**TASK OBJECTIVE:** Give back every record below in full and exactly, but without a single image.

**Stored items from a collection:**

————

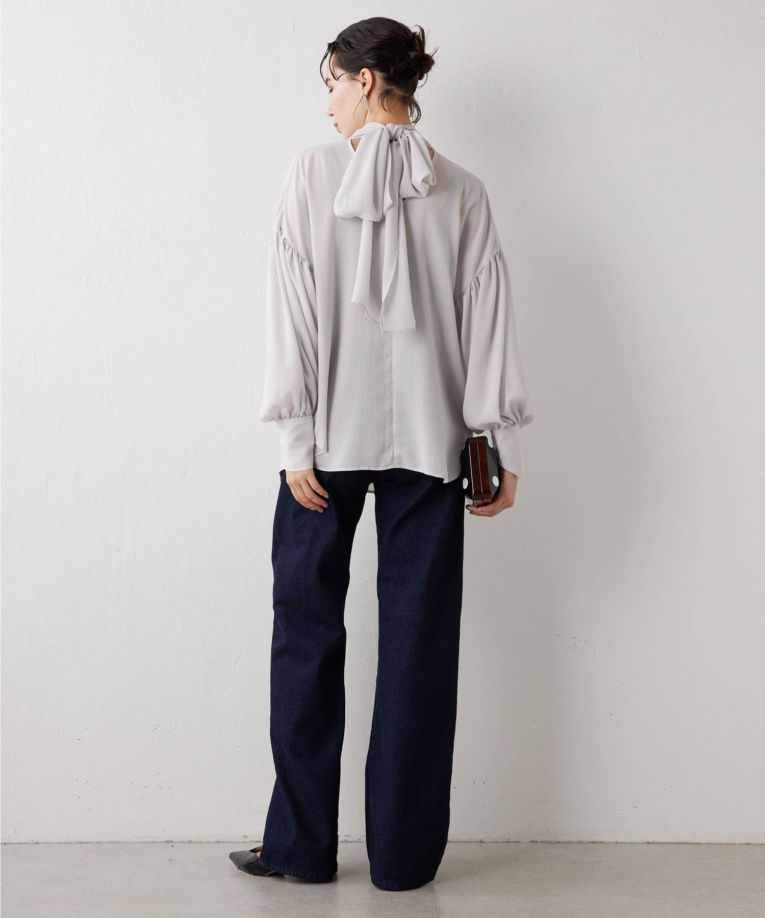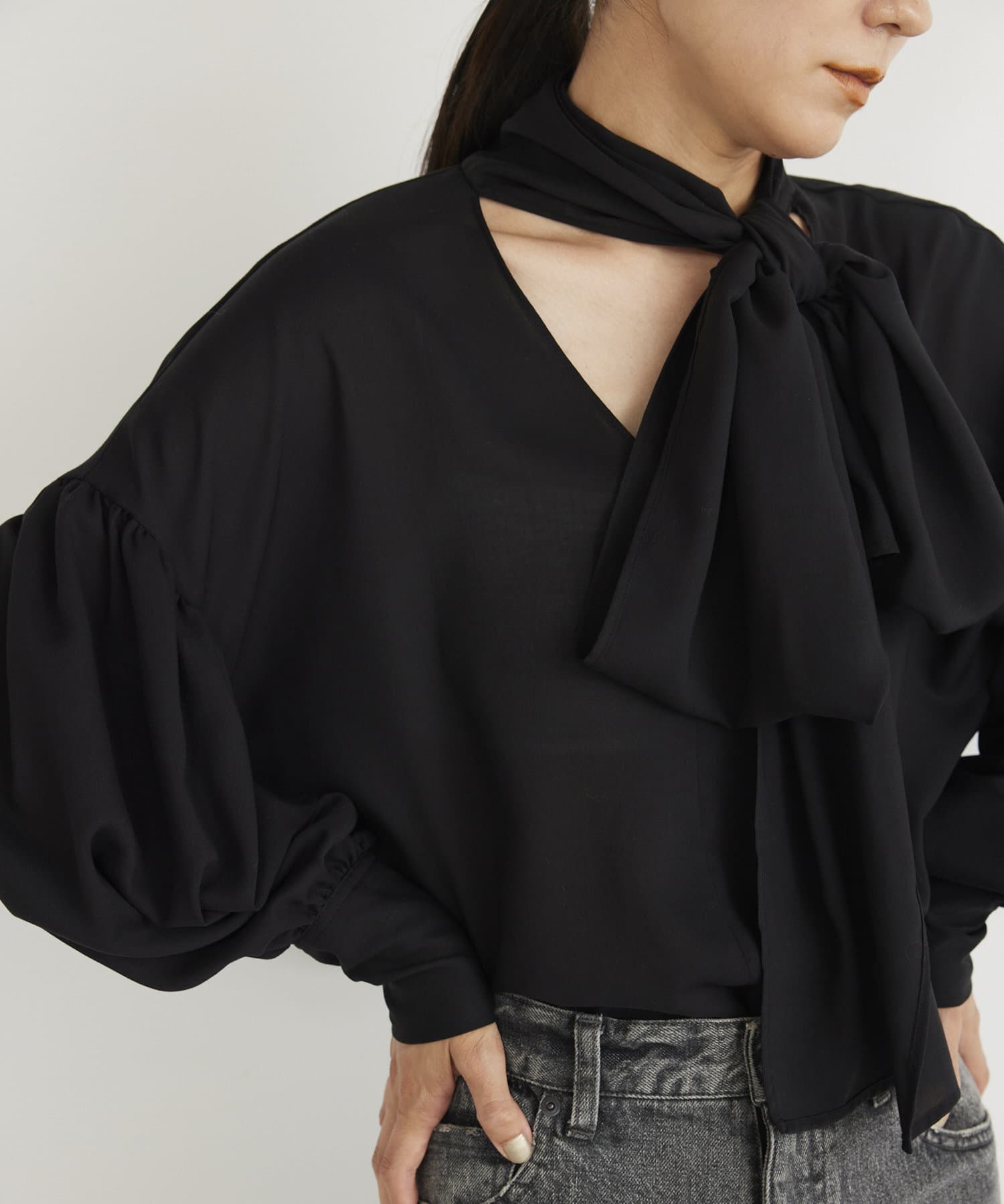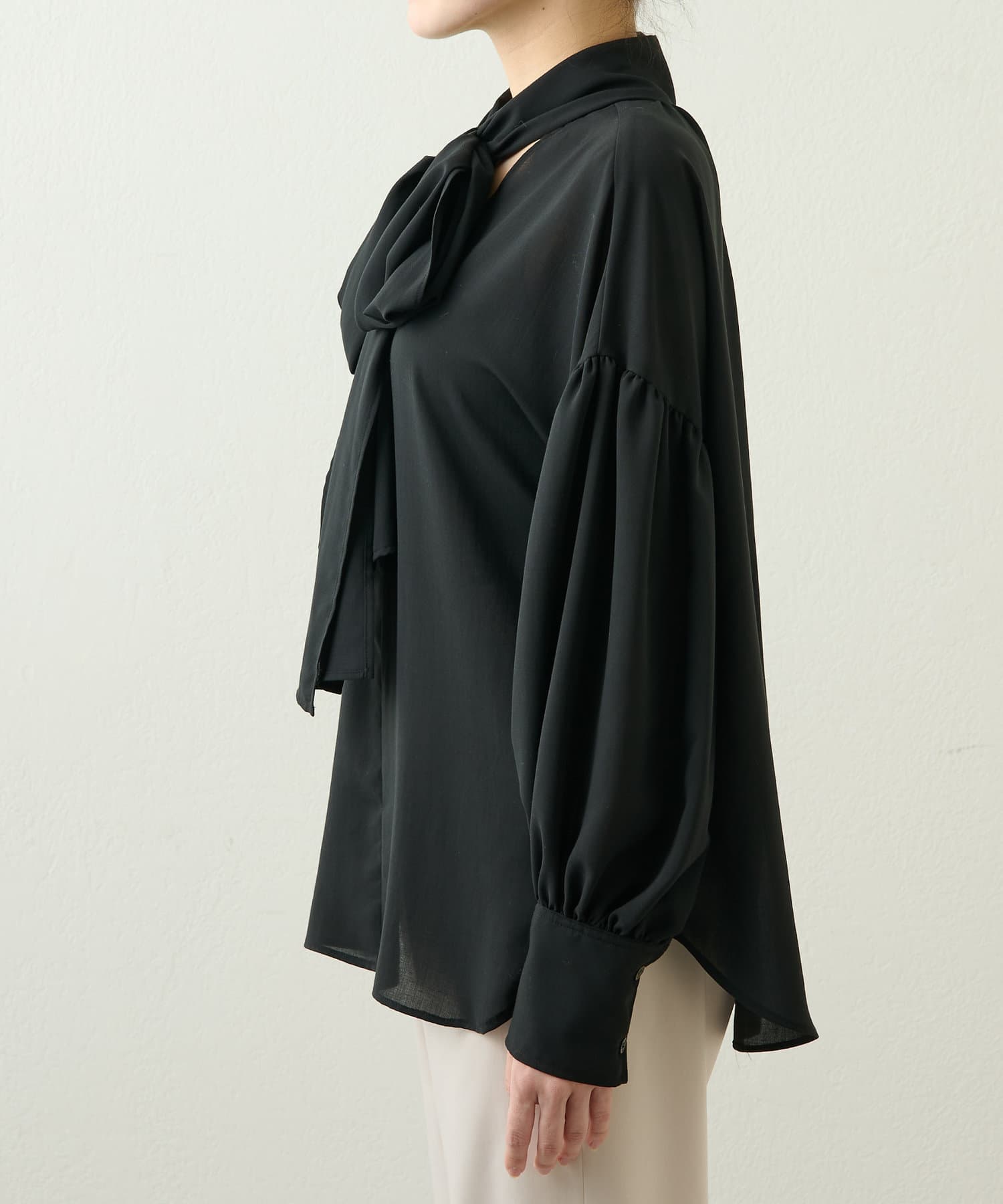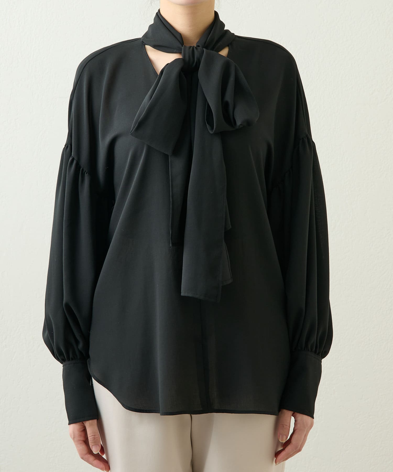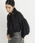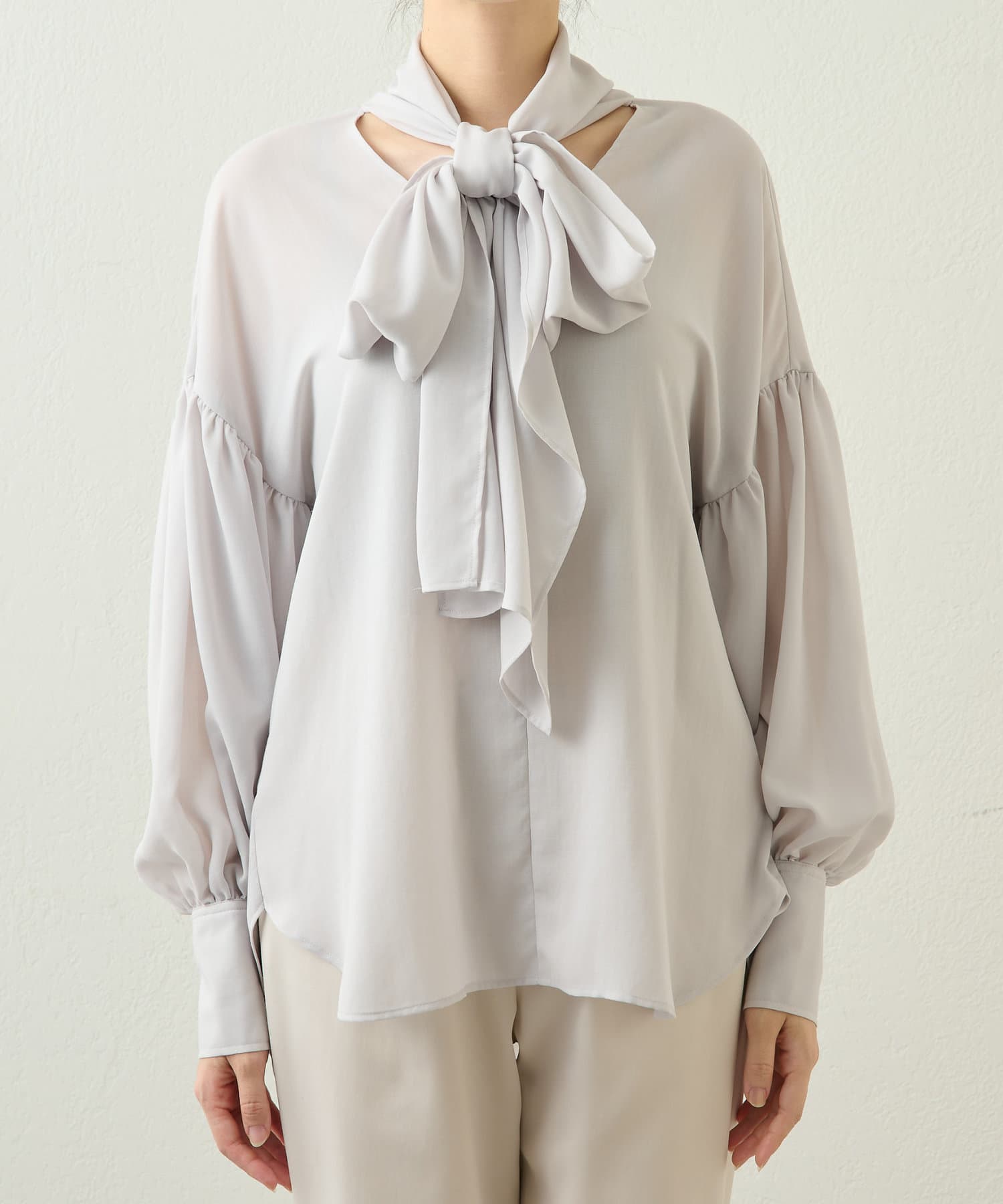 ■ボリューム感のあるギャザースリーブとボウタイが印象的なブラウス。
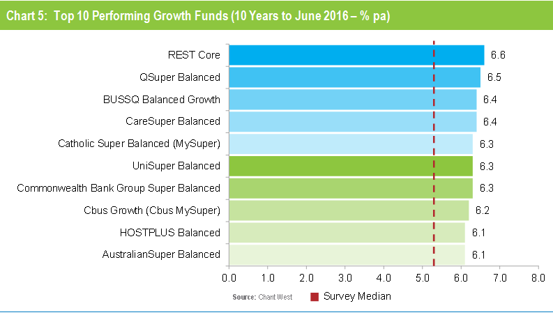 Chart 5 shows the top 10 performing funds over ten years. As has been the case for many years, the list is dominated by industry funds which account for eight of the ten places. The other two places are occupied by QSuper, which is a non-profit fund primarily for Queensland public servants, and the stand-alone fund for employees of Commonwealth Bank.
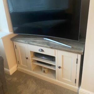 Introducing one of our traditionally handcrafted 4ft Shaker TV stands. Made from a beautiful knotless radiata pine these units are built to last a lifetime. The gorgeous example shown is finished in the gentle ivory colour Ball white which pairs beautifully with our Distressed worktop.
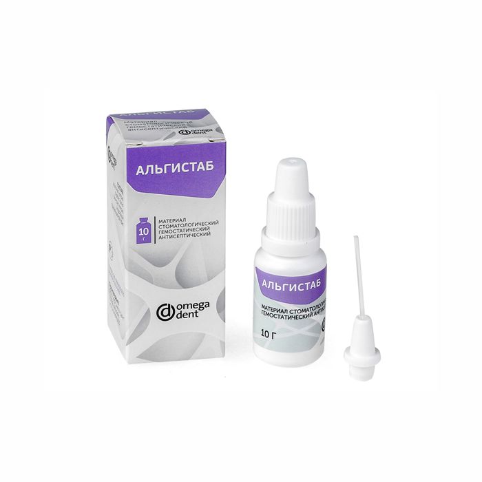 "АЛЬГИСТАБ" – это местный гемостатик, обладающий бактерицидным эффектом. Применяется для купирования луночкового кровотечения при удалении зубов, обработке зубных лунок, выравнивании гребнеобразных альвеолярных отростков, при кюретаже пародонтальных карманов, гингивэктомии и снятии зубного камня.
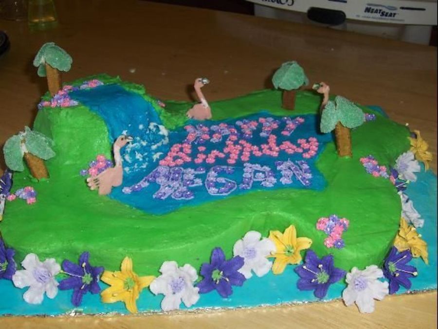 This was a fun cake for me. I made color-flo flamingos, their necks broke I had to "glue" them together. The tree's are candy fruit wedges and cookies. I used my favorite tasting (not working) frosting, white chocolate whipped. The flowers are all royal icing. I used small drop flowers to spell out Happy Birthday Megan in the water.

————

**ANSWER TO THIS PROBLEM:**
 ■ボリューム感のあるギャザースリーブとボウタイが印象的なブラウス。
 Chart 5 shows the top 10 performing funds over ten years. As has been the case for many years, the list is dominated by industry funds which account for eight of the ten places. The other two places are occupied by QSuper, which is a non-profit fund primarily for Queensland public servants, and the stand-alone fund for employees of Commonwealth Bank.
 Introducing one of our traditionally handcrafted 4ft Shaker TV stands. Made from a beautiful knotless radiata pine these units are built to last a lifetime. The gorgeous example shown is finished in the gentle ivory colour Ball white which pairs beautifully with our Distressed worktop.
 "АЛЬГИСТАБ" – это местный гемостатик, обладающий бактерицидным эффектом. Применяется для купирования луночкового кровотечения при удалении зубов, обработке зубных лунок, выравнивании гребнеобразных альвеолярных отростков, при кюретаже пародонтальных карманов, гингивэктомии и снятии зубного камня.
 This was a fun cake for me. I made color-flo flamingos, their necks broke I had to "glue" them together. The tree's are candy fruit wedges and cookies. I used my favorite tasting (not working) frosting, white chocolate whipped. The flowers are all royal icing. I used small drop flowers to spell out Happy Birthday Megan in the water.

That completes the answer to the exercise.